- Founder: Mate Granić Vesna Škare-Ožbolt
- Founded: 2 April 2000
- Dissolved: 6 November 2015
- Split from: Croatian Democratic Union
- Merged into: Croatian Democratic Union
- Headquarters: 48 Ilica Street, Zagreb, Croatia
- Membership (2011): 17,300
- Ideology: Liberal conservatism
- Political position: Centre-right
- International affiliation: European People's Party (Observer)

= Democratic Centre (Croatia) =

The Democratic Centre (Demokratski centar; DC) was a minor Croatian center-right political party active in the 2000s. Originally established as an offshoot of the Croatian Democratic Union (HDZ) in 2000, the party eventually merged back into HDZ in 2015.

== History ==
The party was formed in April 2000 by former Croatian Democratic Union (HDZ) senior government officials Mate Granić and Vesna Škare-Ožbolt. They both left the conservative HDZ after the party's decisive defeat in the January 2000 election, and Mate Granić's defeat in the February 2000 presidential race.

The 2000 defeat, which came in the aftermath of the death of the party's longtime leader Franjo Tuđman, ousted HDZ after nearly a decade of being in power.
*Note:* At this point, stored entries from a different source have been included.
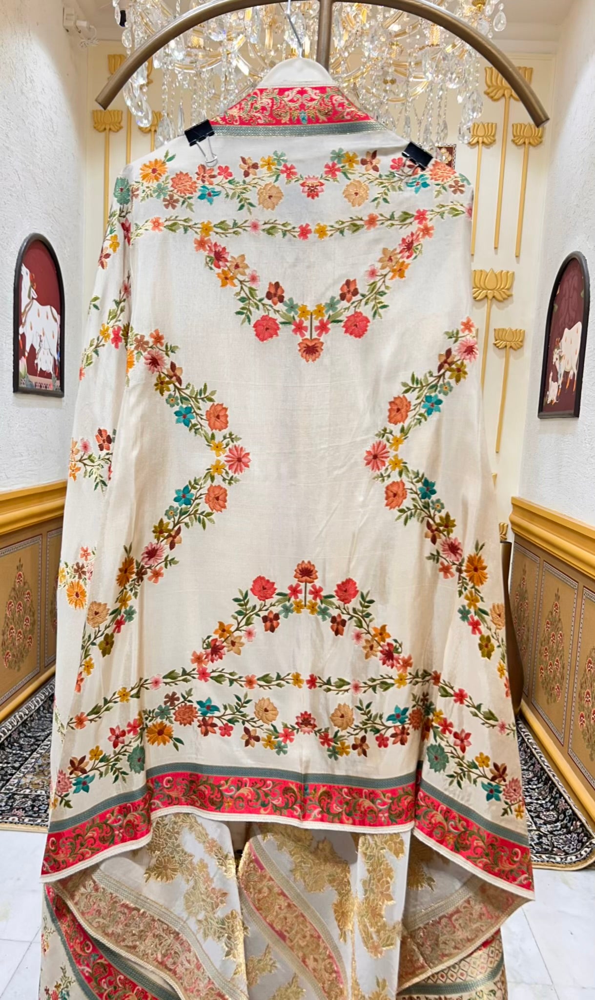 Paired with a beautifully coordinated Banarasi silk dupatta that flows effortlessly, and a comfortable cotton shantoon bottom for ease of wear, this set strikes the perfect balance between tradition and refinement—ideal for women who appreciate authentic handwoven elegance.
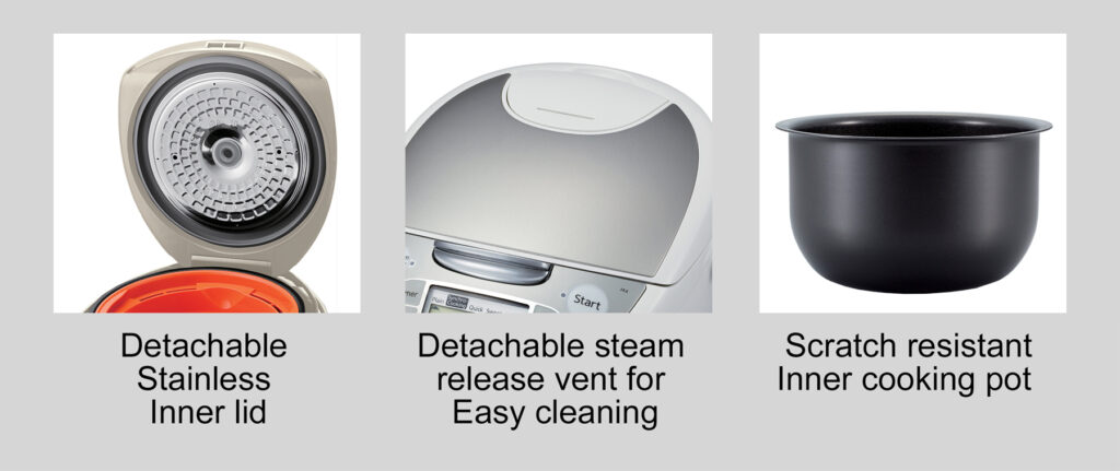 The cooking plate is specially designed so the flavors from the cooking plate do not affect the flavor or texture of the rice.
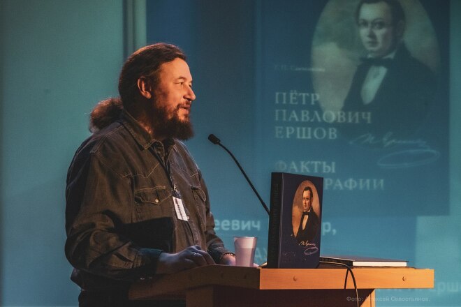 Геннадий Крамор презентовал книгу Татьяны Павловны Савченковой "Петр Павлович Ершов. Факты биографии", изданную к 210-летию писателя, а также другие новые книги музея. Константин Иванов рассказал об экспозиции, посвященной ишимским дивизиям, созданной им в музее пединститута.
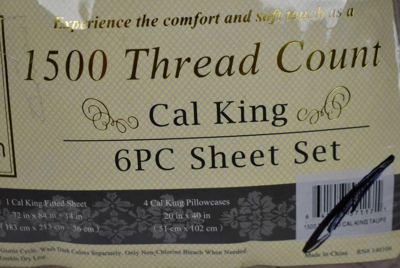 California King Sheet Set, Taupe: 6 Piece 1500 Thread Count Egyptian Quality Deep Pocket. Open Package
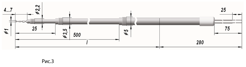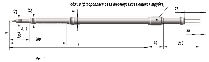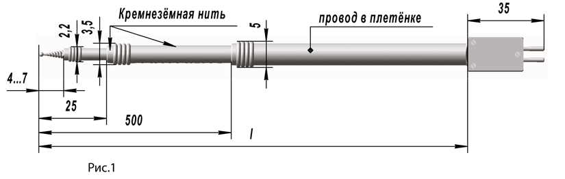 Термопреобразователь изготовлен из кабеля в кремнеземной нити. Для повышения износостойкости на кабель надета металлическая плетенка.
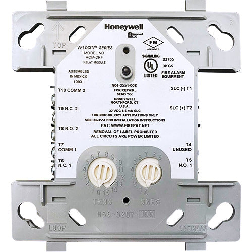 The AOM-2RF is an addressable output relay control module. The AOM-2RF allows a Gamewell-FCI addressable fire alarm control panel to switch discrete relay contacts via software code commands. The AOM-2RF is compatible with the E3 Series, S3 Series, and 7100 Series Fire Alarm Control Panels
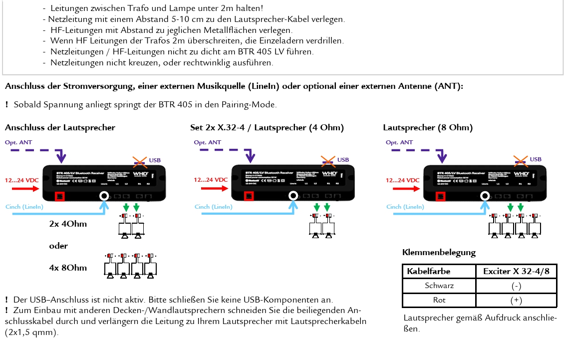 Der BTR405 LV ist ein 12-24V - Bluetooth Empfänger, mit Anschlüssen für bis zu 4 Lautsprecher/Exciter, der versteckt in Decken, Möbeln und Wände verbaut werden kann. Genießen Sie Ihre Lieblingsmusik von Ihrem Smartphone, Tablet oder Laptop per Bluetooth über die angeschlossenen Lautsprecher oder Resonatoren/Exciter. Zusätzlich kann auch die Musik vom CD-Player, Radio oder einer Stereoanlage über den integrierten Line In gehört werden.

In the ensuing internal power struggles, a number of factions, ranging from hard-line nationalists to center-right moderates, left to form their own parties. Granić, former foreign minister, and Škare-Ožbolt, a jurist, were among the more prominent moderates. When the party was formed, DC described themselves as a "modern democratic popular party with a European orientation, and a party advocating for a strong civil society."
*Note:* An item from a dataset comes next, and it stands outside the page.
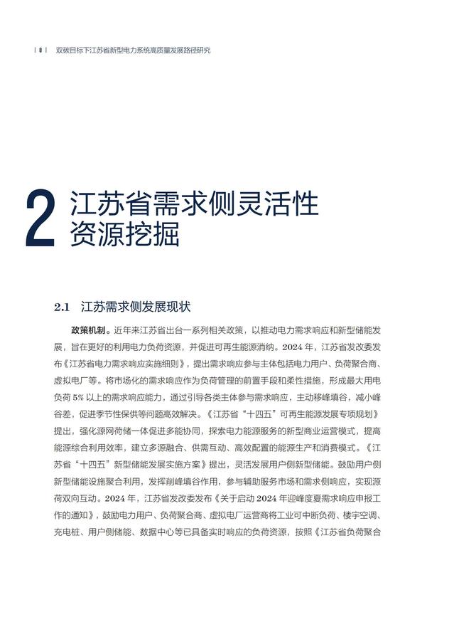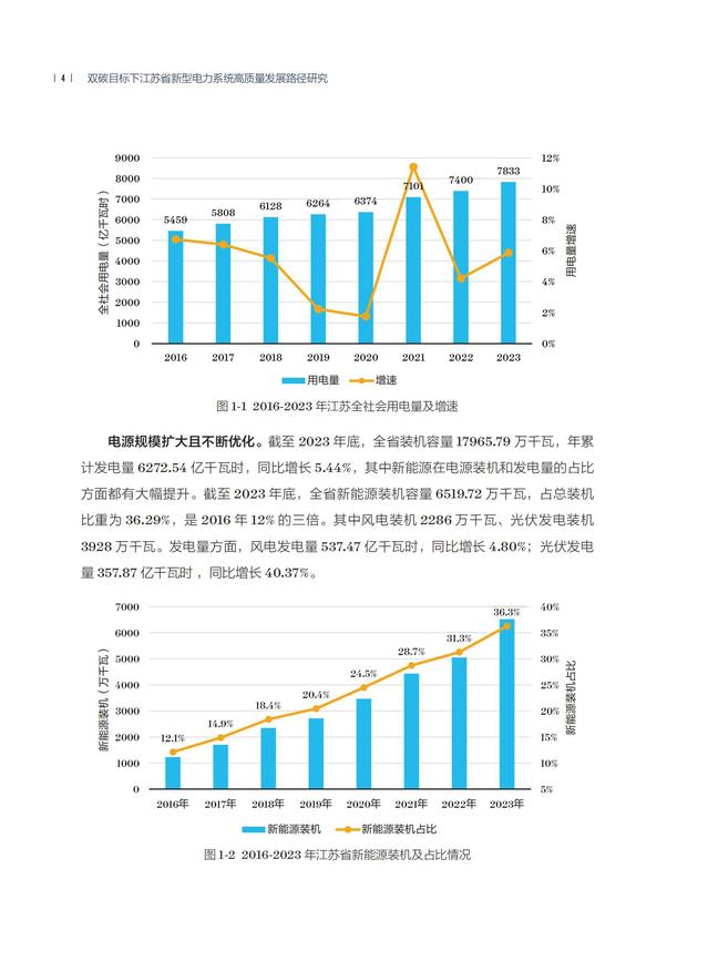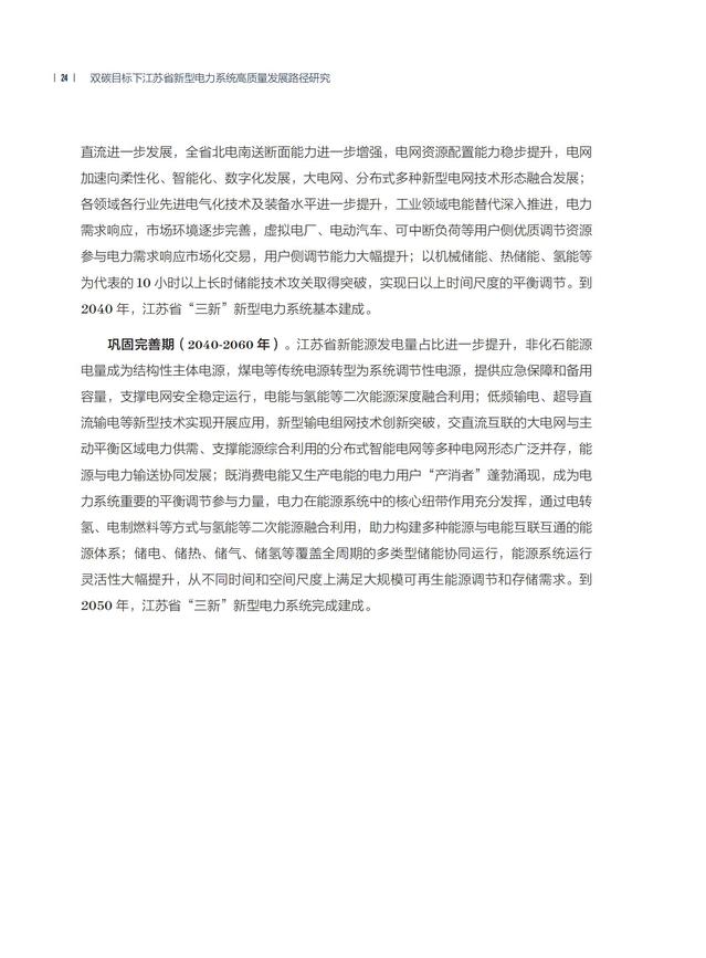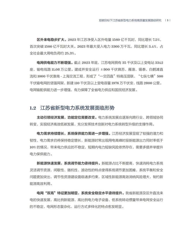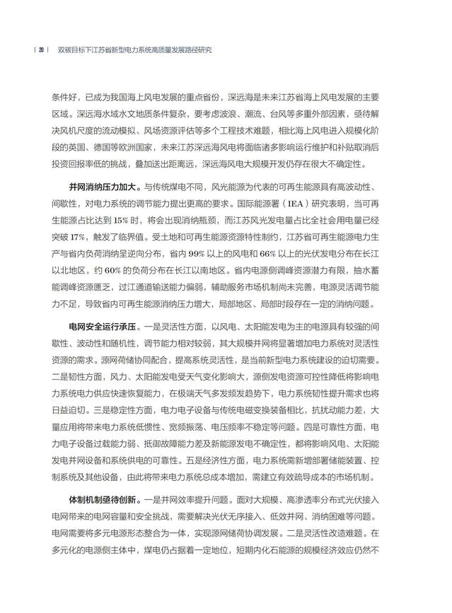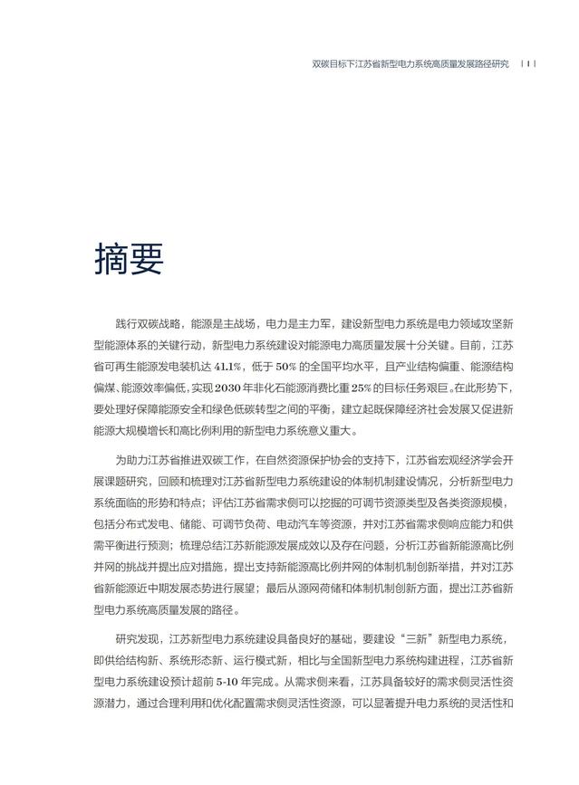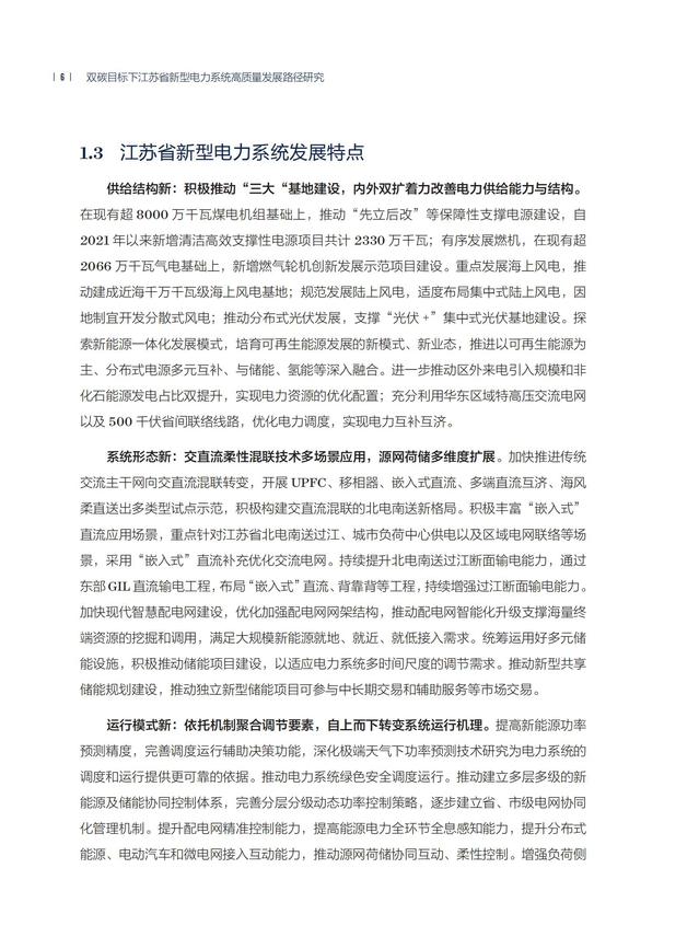 为助力江苏省推进双碳工作,在自然资源保护协会的支持下,江苏省宏观经济学会开展课题研究,回顾和梳理对江苏省新型电力系统建设的体制机制建设情况,分析新型电力系统面临的形势和特点;评估江苏省需求侧可以挖掘的可调节资源类型及各类资源规模,包括分布式发电、储能、可调节负荷、电动汽车等资源,并对江苏省需求侧响应能力和供需平衡进行预测;梳理总结江苏新能源发展成效以及存在问题,分析江苏省新能源高比例并网的挑战并提出应对措施,提出支持新能源高比例并网的体制机制创新举措,并对江苏省新能源近中期发展态势进行展望;最后从源网荷储和体制机制创新方面,提出江苏省新型电力系统高质量发展的路径。

Meanwhile Ivo Sanader prevailed as HDZ's new leader and began moving the party towards the center-right. In the 2003 general election DC was allied with HDZ, and, following HDZ's return to power, gained a single seat in the Croatian Parliament, and a single ministerial post in the Cabinet of Ivo Sanader I, as Škare-Ožbolt, the party's leader and their only representative elected to parliament, was appointed Justice Minister.

She held the post from December 2003 to February 2006, when she was forced to step down by Prime Minister Ivo Sanader following allegations that she leaked information to the media, although some media pundits ascribed her resignation to her prominent public stance and ministerial results which overshadowed HDZ ministers. After that, DC spent the rest of their existence in opposition.

In October 2002, the Democratic Centre became an observer member of the European People's Party (EPP).

In the 2007 general elections DC ran independently, entering coalition agreements with the Green Party in some constituencies. They failed to win any seats in the 153-seat parliament. Škare-Ožbolt also ran for President in the 2009–10 election as a formally independent candidate but only managed to win 37,373 or 1.89% of votes in the first round, finishing 11th out of twelve candidates.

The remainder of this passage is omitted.